Consider LHS of equation (ii) as ${{I}_{1}}$ then
\[{{I}_{1}}=\dfrac{d}{dx}\left( y\sqrt{{{x}^{2}}+1} \right)\]
Differentiating using product rule of differentiation we get:
\[\Rightarrow {{I}_{1}}=y\dfrac{d}{dx}\left( \sqrt{{{x}^{2}}+1} \right)+\sqrt{{{x}^{2}}+1}\dfrac{d}{dx}\]
Now, using $\dfrac{d}{dt}\sqrt{t}=\dfrac{1}{2\sqrt{t}}$ in above we get:
\[\begin{align}
  & {{I}_{1}}=y\dfrac{1}{2\sqrt{{{x}^{2}}+1}}\left( 2x \right)+\sqrt{{{x}^{2}}+1}\dfrac{dy}{dx} \\
 & {{I}_{1}}=\dfrac{xy}{\sqrt{{{x}^{2}}+1}}+\sqrt{{{x}^{2}}+1}\dfrac{dy}{dx}\text{ }\text{. }\text{. }\text{. }\text{. }\text{. }\text{. }\text{. }\text{. }\text{. }\text{. (iii)} \\
\end{align}\]
Now, consider RHS of equation (ii) as ${{I}_{2}}$ we have:
\[{{I}_{2}}=\dfrac{d}{dx}\left( \log \left( \sqrt{{{x}^{2}}+1}-x \right) \right)\]

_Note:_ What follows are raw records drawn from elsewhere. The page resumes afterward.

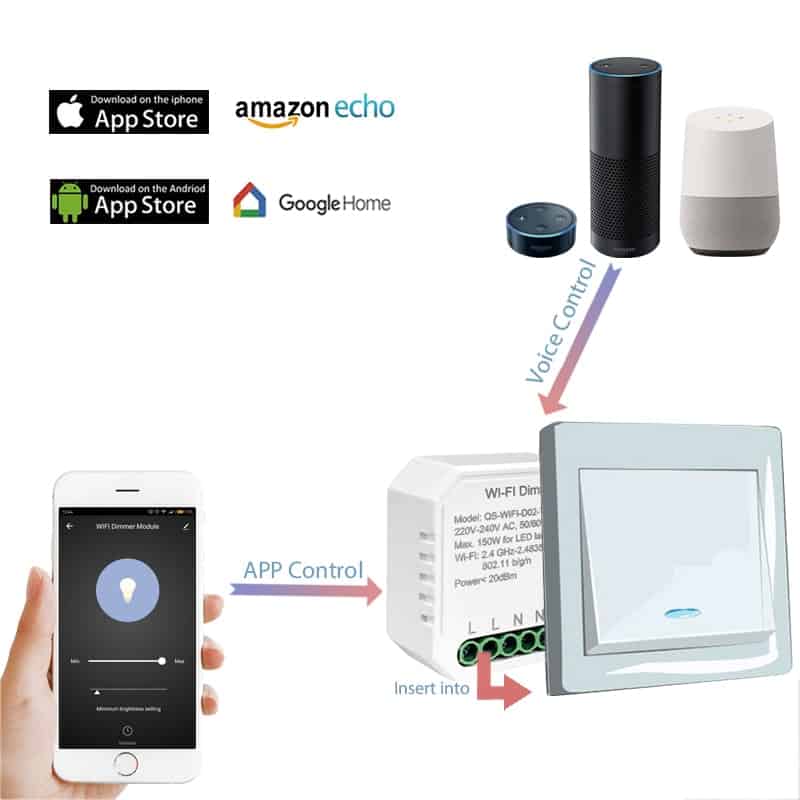- Smart dimmer switch google home Supports Voice Commands and also AI units such as Amazon Alexa Echo and Google Home solution.
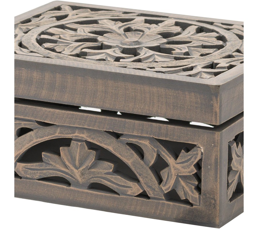 Luxusná a nadčasová drevená šperkovnica Tanxil I disponuje vkusným a jemným florálnym motívom, vyrezávaným do jej stien. Šperkovnica Tanxil dokonale zapadne do interiérov ladených v orientálnom či vintage štýle na nadčasových komodách, tv stolíkoch, či konzolách a toaletných stolíkoch.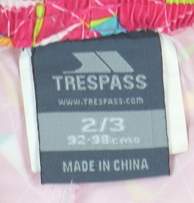 Add a splash of colour to your child's wardrobe with these vibrant Trespass shorts, perfect for any summer adventure. Crafted from breathable polyester, these shorts feature a stunning multicoloured geometric pattern, ideal for young fashionistas. Designed with a comfortable elastic waist and a regular fit, they ensure ease of wear and movement. These casual shorts are machine washable, offering convenience for busy parents. Perfect for playdates or family outings, they make a cheerful addition to any little girl's wardrobe. Great condition without any visible stains or damage, offering excellent quality at a bargain price. Encourage your little one’s unique style with these eye-catching shorts!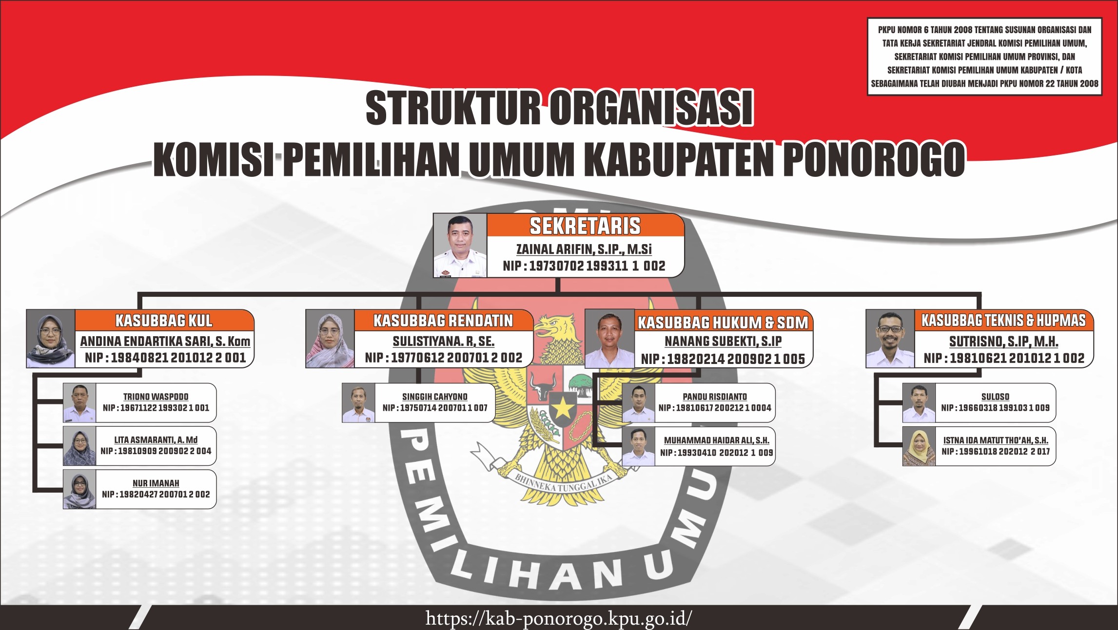 Struktur Organisasi STRUKTUR KPU PONOROGO STRUKTUR SEKRETARIAT KPU PONOROGO Bagikan : Dilihat 199 Kali.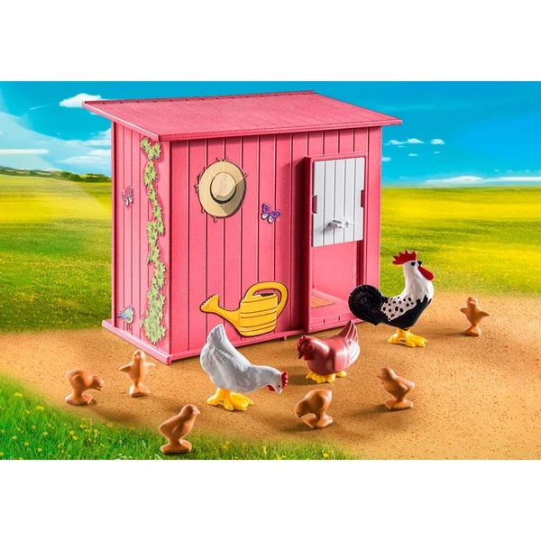 | Inhalt/Ausstattung | Figur: 1 Frau. Tiere: 6 Küken, 1 Hahn, 2 Hennen. Zubehör: 2x braune Eier, 4x weiße Eier, 3x Grasboden, 1 Hühnerhaus mit Einsatz und hochschiebbarer Tür, 1 Korb | ||

Using $\dfrac{d}{dx}\log x=\dfrac{1}{x}\text{ and }\dfrac{d}{dx}\left( x \right)=1$ in above also applying chain rule of differentiation stated as \[\dfrac{d}{dx}f\left( g\left( x \right) \right)=f'\left( g\left( x \right) \right)\cdot g'\left( x \right)\]
\[\begin{align}
  & {{I}_{2}}=\dfrac{1}{\left( \sqrt{{{x}^{2}}+1}-x \right)}\left( \dfrac{1}{2\sqrt{{{x}^{2}}+1}}\left( +2x \right)-\dfrac{d}{dx}\left( x \right) \right) \\
 & {{I}_{2}}=\dfrac{1}{\left( \sqrt{{{x}^{2}}+1}-x \right)}\left( \dfrac{x}{\sqrt{{{x}^{2}}+1}}-1 \right) \\
 & {{I}_{2}}=\dfrac{1}{\left( \sqrt{{{x}^{2}}+1}-x \right)}\left( \dfrac{-\left( -x+\sqrt{{{x}^{2}}+1} \right)}{\sqrt{{{x}^{2}}+1}} \right) \\
\end{align}\]
Cancelling the term $\left( \sqrt{{{x}^{2}}+1}-x \right)$ we get:
\[{{I}_{2}}=\dfrac{-1}{\sqrt{{{x}^{2}}+1}}\text{ }\text{. }\text{. }\text{. }\text{. }\text{. }\text{. }\text{. }\text{. }\text{. }\text{. }\text{. (iv)}\]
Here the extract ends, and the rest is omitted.